具有可调结构和生物学特性的空心管状导管(TC)非常需要在引导的组织再生中调节细胞功能和药物输送。在此,描述了一种生产酶促交联的丝素蛋白TC的新方法,该方法利用了存在于丝绸结构中的酪氨酸基团,这些酪氨酸基团已知可以形成共价交联的水凝胶。最后三种方法是调制基于丝的TC的属性。这种方法允许虚拟调整最终TC的任何特性。最终的微观结构从无孔网络到高度多孔的网络,使TC选择性地渗透到4 kDa分子,但不能渗透到人皮肤成纤维细胞。机械性能取决于TC的加工方法和厚度。浸入模拟体液中30天后,仅对经过干燥处理方法(50°C)的TC观察到生物活性。在小鼠中进行的体内研究证明了TC的良好生物相容性。酶促交联的丝素蛋白TC具有多种用途,并具有可调节的特性,可用于多种生物医学应用,特别是在指导周围神经再生方面。
更新日期:2018-07-12
中文翻译:
可调节的酶交联丝素蛋白管形导管,用于引导组织再生。
具有可调结构和生物学特性的空心管状导管(TC)非常需要在引导的组织再生中调节细胞功能和药物输送。

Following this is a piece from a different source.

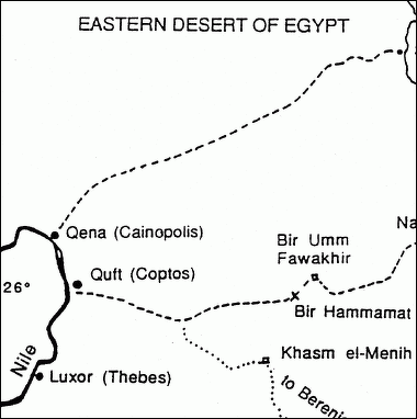 Carol Meyer of the University of Chicago wrote: “Bir Umm Fawakhir lies in the rugged Precambrian mountains of the central Eastern Desert and is almost exactly halfway between the Nile and the Red Sea. The site is approximately 65 kilometers (two and a half to three days by camel) from Quft (ancient Coptos). This route, which is the shortest from the Nile to the Red Sea, has been in use for at least 5,000 years and follows a series of wadis (dry canyons) cutting through the mountains. The most famous ancient site enroute is the Wadi Hammamat, which was the source of a fine-grained dark graywacke that was highly prized in pharaonic times for statues, sarcophagi, and the like. [Source: Carol Meyer, Oriental Institute, University of Chicago, “Bir Umm Fawakhir: Insights into Ancient Egyptian Mining JOM 9:3 (1997), 64-68, JOM |]

在此,描述了一种生产酶促交联的丝素蛋白TC的新方法,该方法利用了存在于丝绸结构中的酪氨酸基团,这些酪氨酸基团已知可以形成共价交联的水凝胶。最后三种方法是调制基于丝的TC的属性。这种方法允许虚拟调整最终TC的任何特性。最终的微观结构从无孔网络到高度多孔的网络,使TC选择性地渗透到4 kDa分子,但不能渗透到人皮肤成纤维细胞。机械性能取决于TC的加工方法和厚度。浸入模拟体液中30天后,仅对经过干燥处理方法(50°C)的TC观察到生物活性。在小鼠中进行的体内研究证明了TC的良好生物相容性。酶促交联的丝素蛋白TC具有多种用途,并具有可调节的特性,可用于多种生物医学应用,特别是在指导周围神经再生方面。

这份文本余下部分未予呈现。